Material supplied -
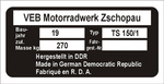 Tabliczka znamionowa MZ TS 150
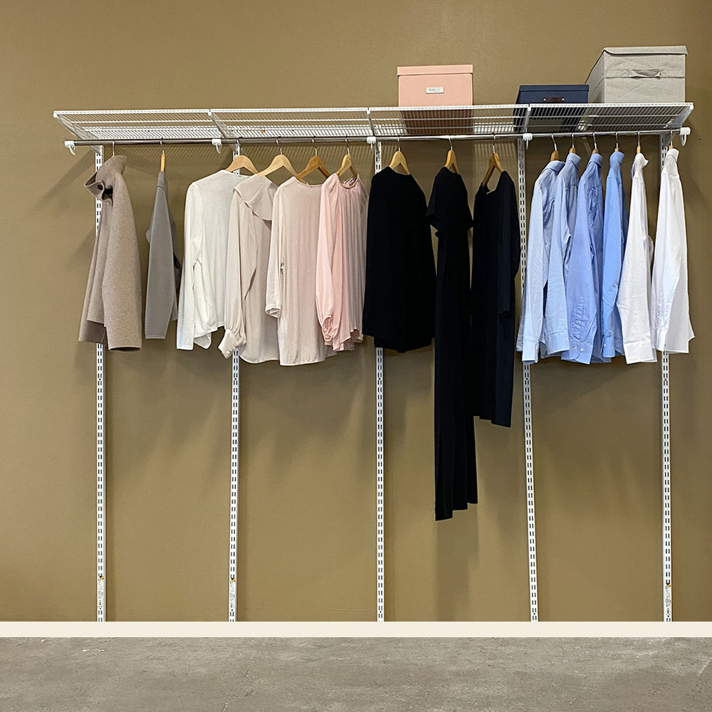 Även om denna lösningen är komplett för att passa bakom dina skjutdörrspartier så passar våra inredningspaket även lika bra i andra delar av hemmet. Skapa ordning även i hallen, kontoret eller förrådet med detta mångsidiga förvaringssystem.
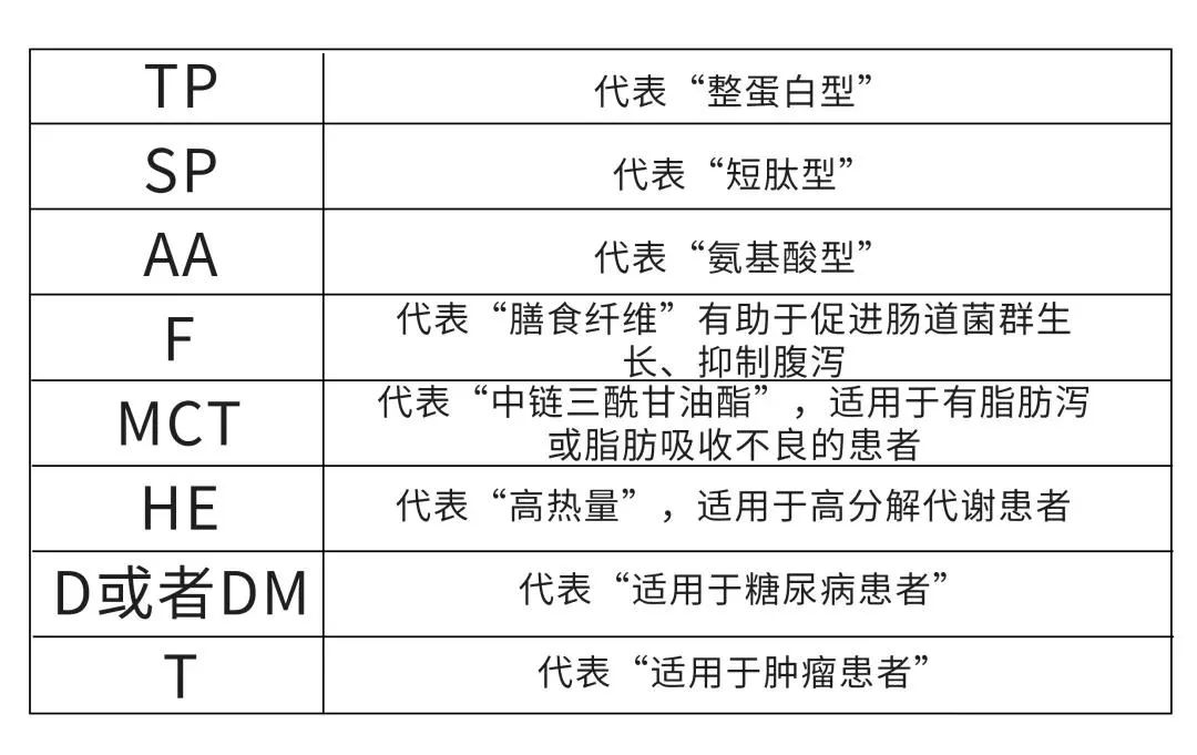 腸內(nèi)營(yíng)養(yǎng)(EN)是指經(jīng)口服或管飼途徑,通過(guò)胃腸道提供營(yíng)養(yǎng)物質(zhì)的一種營(yíng)養(yǎng)支持療法方式。腸內(nèi)營(yíng)養(yǎng)制劑的分類(lèi),從腸內(nèi)營(yíng)養(yǎng)制劑瓶/袋身上大寫(xiě)字母的含義來(lái)看。
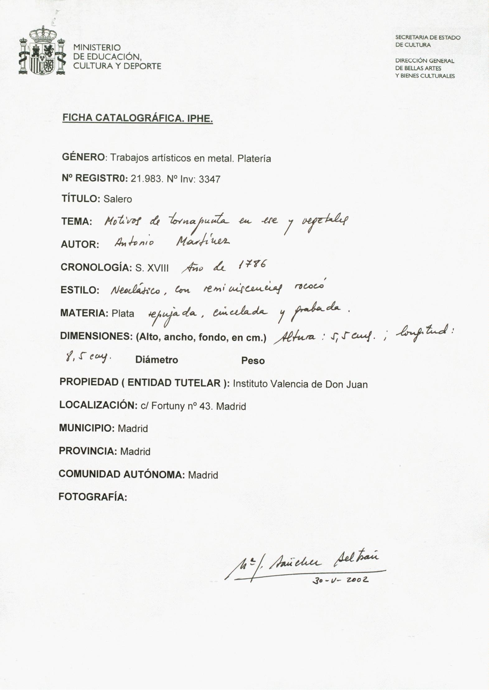 Restauración de un salero neoclásico de plata procedente del Instituto Valencia de Don Juan de Madrid
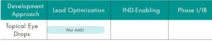 RGNXXXX is a potent, topical eye drop for the treatment of wet AMD. The anti-neovascular effects reduces leaky blood vessels in the eyes.
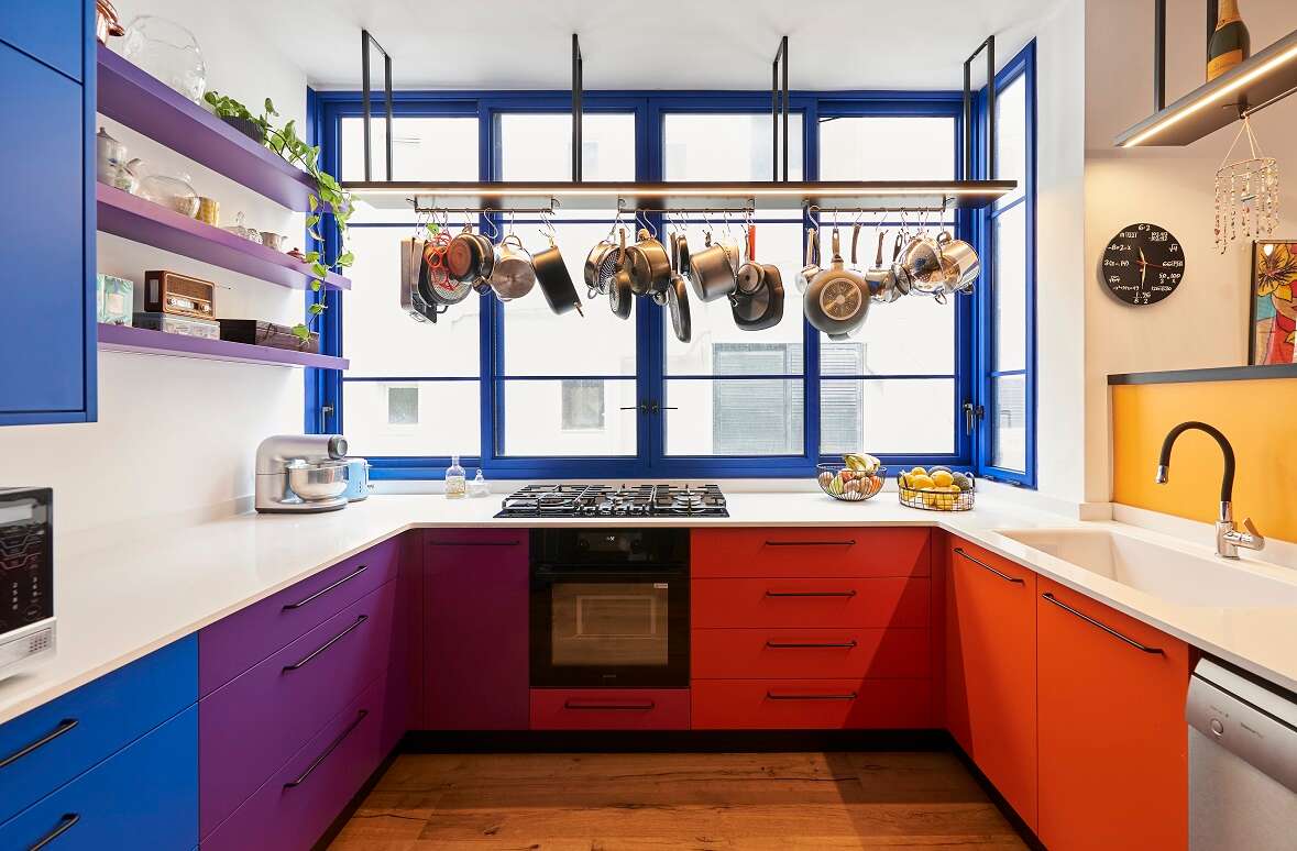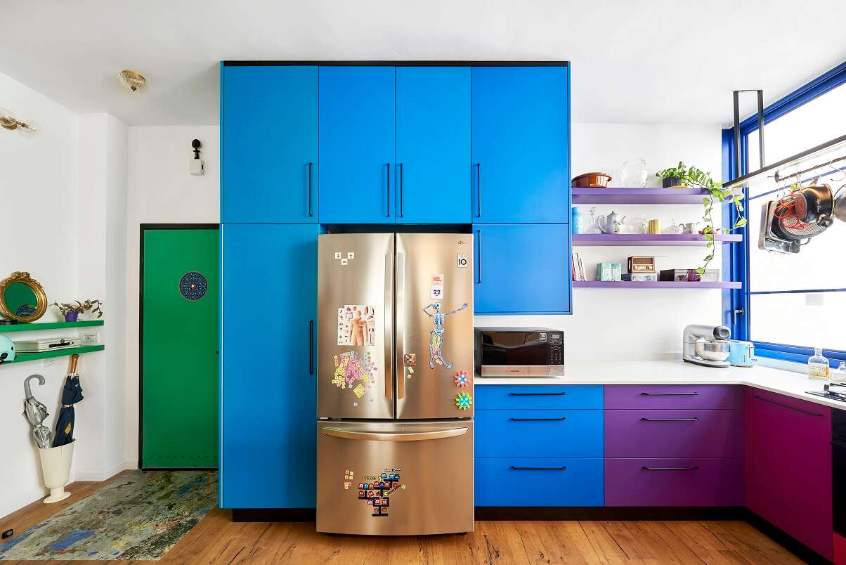 הצבע עומד במרכז הדירה. לוי תובל מסבירה שזה לא תהליך קלאסי של בניית פלטת גוונים הרמונית אלא מדובר בכל צבעי הקשת שקבלו ביטוי.
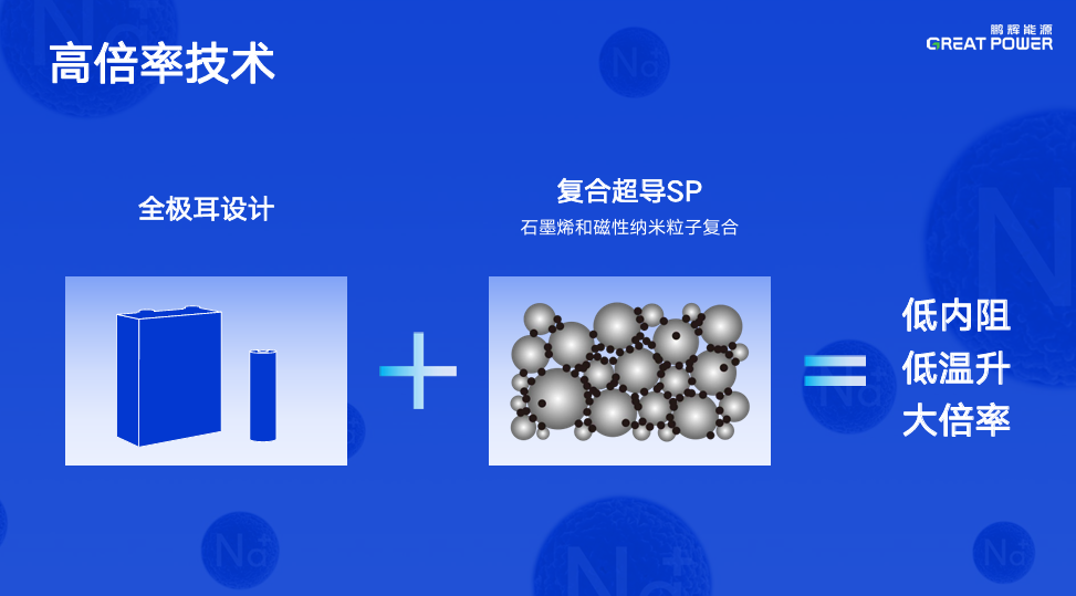 鵬輝能源Great Power研發(fā)的新一代聚陰離子體系具有高安全、長循環(huán)的性能優(yōu)勢。同時(shí),基于不同形態(tài)鈉電產(chǎn)品可實(shí)現(xiàn)差異化性能,比如圓柱鈉電,結(jié)構(gòu)采用全極耳設(shè)計(jì),并通過超導(dǎo)SP應(yīng)用,實(shí)現(xiàn)石墨烯和磁性納米粒子復(fù)合,實(shí)現(xiàn)20C高倍率持續(xù)放電,滿足啟停等細(xì)分場景應(yīng)用需求。

Problem to work on - For this exercise, retype the listing above word for word and omit the pictures.

Output for this task -
 Tabliczka znamionowa MZ TS 150
 Även om denna lösningen är komplett för att passa bakom dina skjutdörrspartier så passar våra inredningspaket även lika bra i andra delar av hemmet. Skapa ordning även i hallen, kontoret eller förrådet med detta mångsidiga förvaringssystem.
 腸內(nèi)營(yíng)養(yǎng)(EN)是指經(jīng)口服或管飼途徑,通過(guò)胃腸道提供營(yíng)養(yǎng)物質(zhì)的一種營(yíng)養(yǎng)支持療法方式。腸內(nèi)營(yíng)養(yǎng)制劑的分類(lèi),從腸內(nèi)營(yíng)養(yǎng)制劑瓶/袋身上大寫(xiě)字母的含義來(lái)看。
 Restauración de un salero neoclásico de plata procedente del Instituto Valencia de Don Juan de Madrid
 RGNXXXX is a potent, topical eye drop for the treatment of wet AMD. The anti-neovascular effects reduces leaky blood vessels in the eyes.
 הצבע עומד במרכז הדירה. לוי תובל מסבירה שזה לא תהליך קלאסי של בניית פלטת גוונים הרמונית אלא מדובר בכל צבעי הקשת שקבלו ביטוי.
 鵬輝能源Great Power研發(fā)的新一代聚陰離子體系具有高安全、長循環(huán)的性能優(yōu)勢。同時(shí),基于不同形態(tài)鈉電產(chǎn)品可實(shí)現(xiàn)差異化性能,比如圓柱鈉電,結(jié)構(gòu)采用全極耳設(shè)計(jì),并通過超導(dǎo)SP應(yīng)用,實(shí)現(xiàn)石墨烯和磁性納米粒子復(fù)合,實(shí)現(xiàn)20C高倍率持續(xù)放電,滿足啟停等細(xì)分場景應(yīng)用需求。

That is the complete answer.